Report #1 by Anonymous (Referee 1) on 2025-2-11 (Invited Report)

Strengths

1. Novel idea for improving generative unfolding

2. Well-chosen test cases to present the new method

3. Well and clearly written text with excellent grammar

Weaknesses

1. Too much focus on the already-explored concept of generative unfolding, distracting from the real innovation that is presented

2. Hard to read and questionably placed figures

Report

The authors of this work present a novel addition to the field of generative, machine learning-based unfolding. The new method conditions the generative unfolding model on the moments of some of the to-be-unfolded observables in addition to the observables themself. This effectively gives the unfolding model access to dataset-level information, in addition to the standard event-level information. The authors further demonstrate that this added information results in a more generalizable unfolding model, which can be applied to a range of different physics processes.

I view this as a new step in the use of machine learning in particle physics, and in my view, it represents a significant step in building more generalized unfolding models. As such, I believe the concept and results presented in this work are a good fit for this journal. However, I also feel that the presentation of both method and results can be notably improved, which is why I would recommend minor revisions before publication. A list of recommended changes can be found below.

Requested changes

For the sake of readability, I will try to break this list down into major and minor requested changes.

Major:
1. L123 Section 2 "Methods". This section describes both the concept of including moment-conditioning in the unfolding, and the DDPM/cDDPM. However, it briefly mentions the moment-conditioning and then only goes into more depth about the conditioning after a longer derivation of the cDDPM. In my view, moment-conditioning is a smart and novel approach to generalizing generative unfolding methods, while the cDDPM is notably less new and exciting. Moreover, I fail to see why the moment-conditioning is presented as so strongly tied to the cDDPM, when it should be applicable to any generative unfolding model. Therefore I would request a reordering of section 2, placing greater and earlier emphasis on the moment-conditioning (moving some of the details from 2.3 into 2.1) and adding a paragraph or two on the transferability of the moment-conditioning concept to other generative approaches.

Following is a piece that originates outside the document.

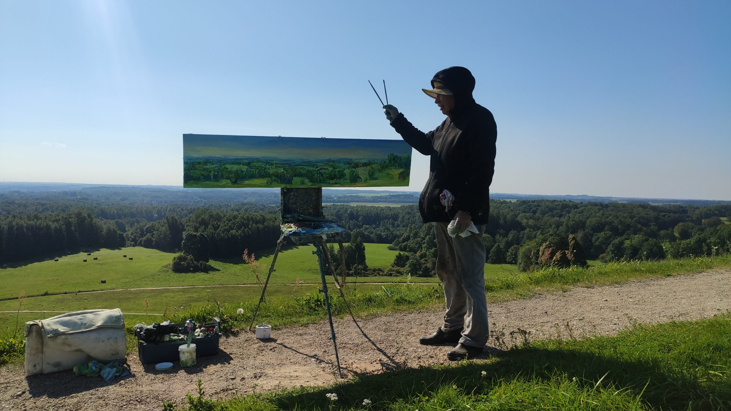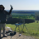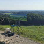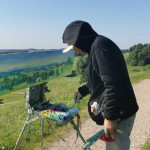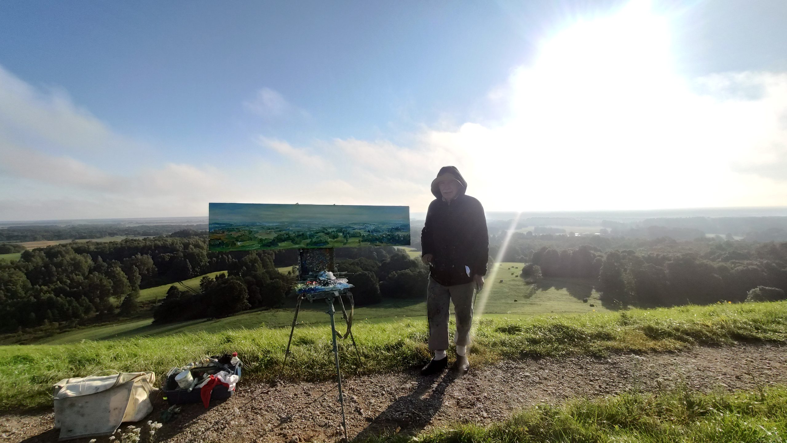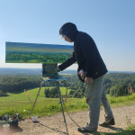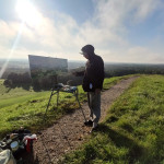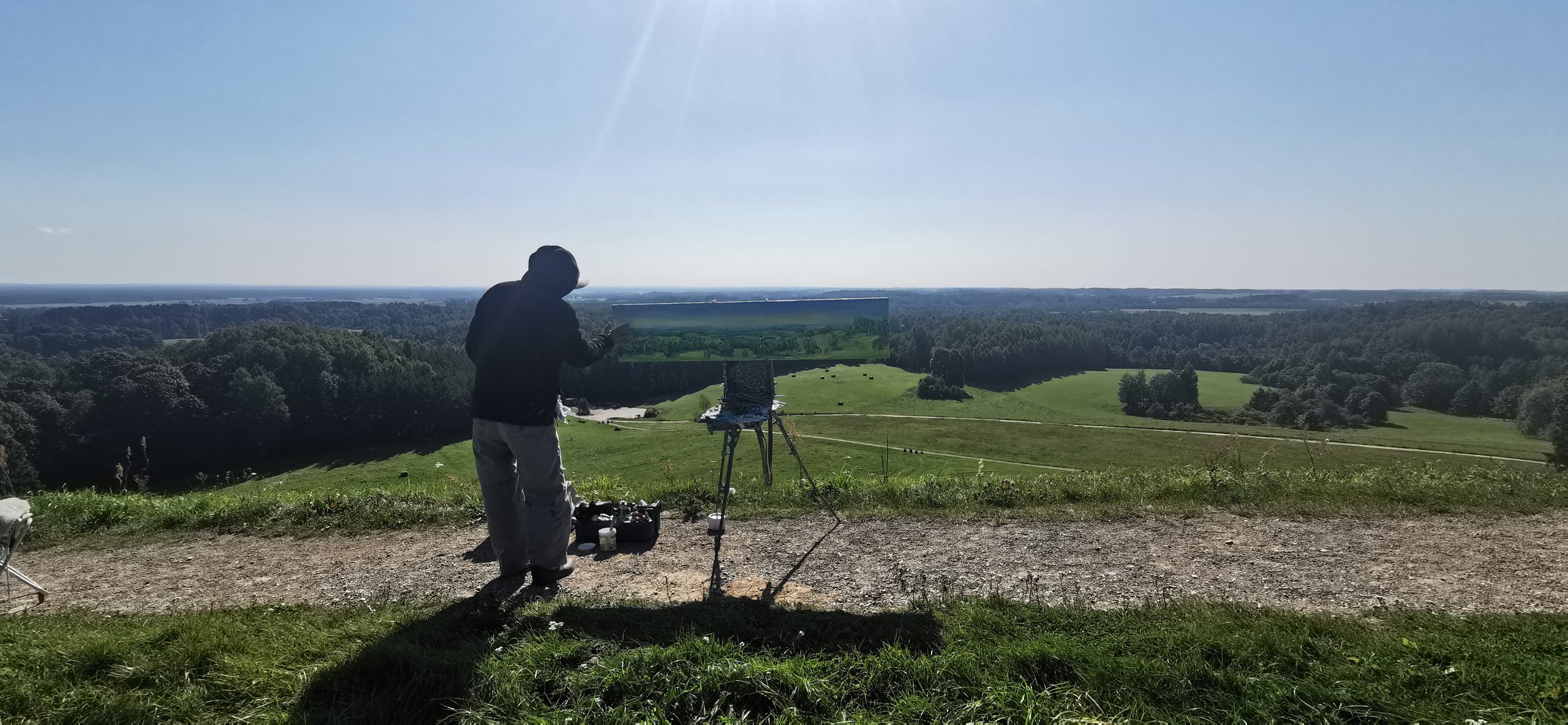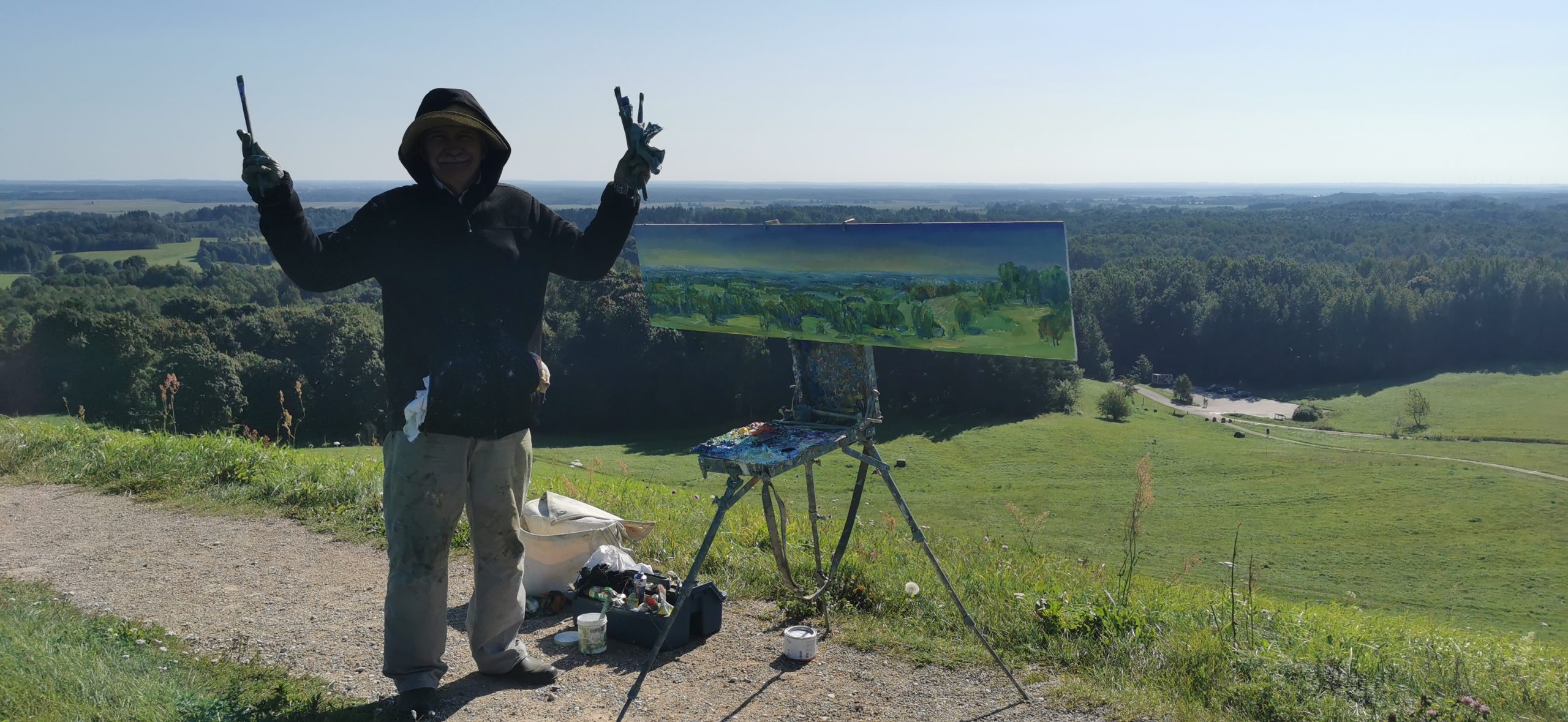 Tapybos pleneras Žemaitijoje ant Šatrijos kalno 2025 09 1-2 Saulei nuostabiai auštant virš Žemaitijos visa žemė apšviečiama sidabriniais Saulės spinduliais. Pabunda gamta ir pasaulis. Tuo metu tapiau Sidabrinės Saukės patėkimo kerintį vaizdą kada žemė atsiskiria nuo dangaus. Nuo kalno viršaus atsiveria nuostabus Žemaičių žemės grožis. Tapiau auštančios dienos ankstyvą rytą ant Šatrijos kalno šaltą ir vėjuotą sidabrinės Saulės užtekėjimą. Nutapiau didelė dviejų dalių gamtovaizdžio panoramą.

2. L144 Section "2.2 Denoising Diffusion Probabilistic Models" does a commendable job of presenting the cDDPM, however, I fail to see how the cDDPM fundamentally differs from other diffusion-based conditional unfolding methods, such as the ones mentioned in the introduction. I would request an added discussion the differences of the cDDPM compared to other diffusion-based Unfolders at the end of Section 2.2.

3. L275: "Part 2: Generalized Unfolder" This subsection describes the process of training the generalized cDDPM in quite a significant amount of detail, but never seems to specify how the conditional moments are derived during evaluation on a real dataset. The context indicates that one would calculate the moments over the whole evaluation set, but the note that moments are calculated on a process-by-process basis is at odds with this, as this would not be possible on a real dataset. An additional segment clarifying how the evaluation is performed in detail is needed here.

4. L365: "The dedicated unfolder is trained using data pairs (x, y), excluding in the distributional moments. In contrast, the generalized unfolder is trained on multiple simulated physics processes" and L375: "the generalized unfolder learns to model multiple posteriors from the diverse physics processes in its training data, whereas the dedicated unfolder captures only a single posterior represented by its specific training set." It appears to me that there are two main differences between the two approaches. On the one hand, one model is conditioned on the moments, while the other is not, and on the other, one model is trained on a wide range of processes, while the other is trained only on one. These two effects appear non-trivial to disentangle. While a non-conditional model trained on a wide range of priors could, intuitively, be similar to an approach simply trained on the average prior, the more varied training set can still impact the non-conditional model's training behavior. I would request a toy-case test where the conditional and non-conditional models are trained on the exact same data, to better quantify the relative contributions of the two effects.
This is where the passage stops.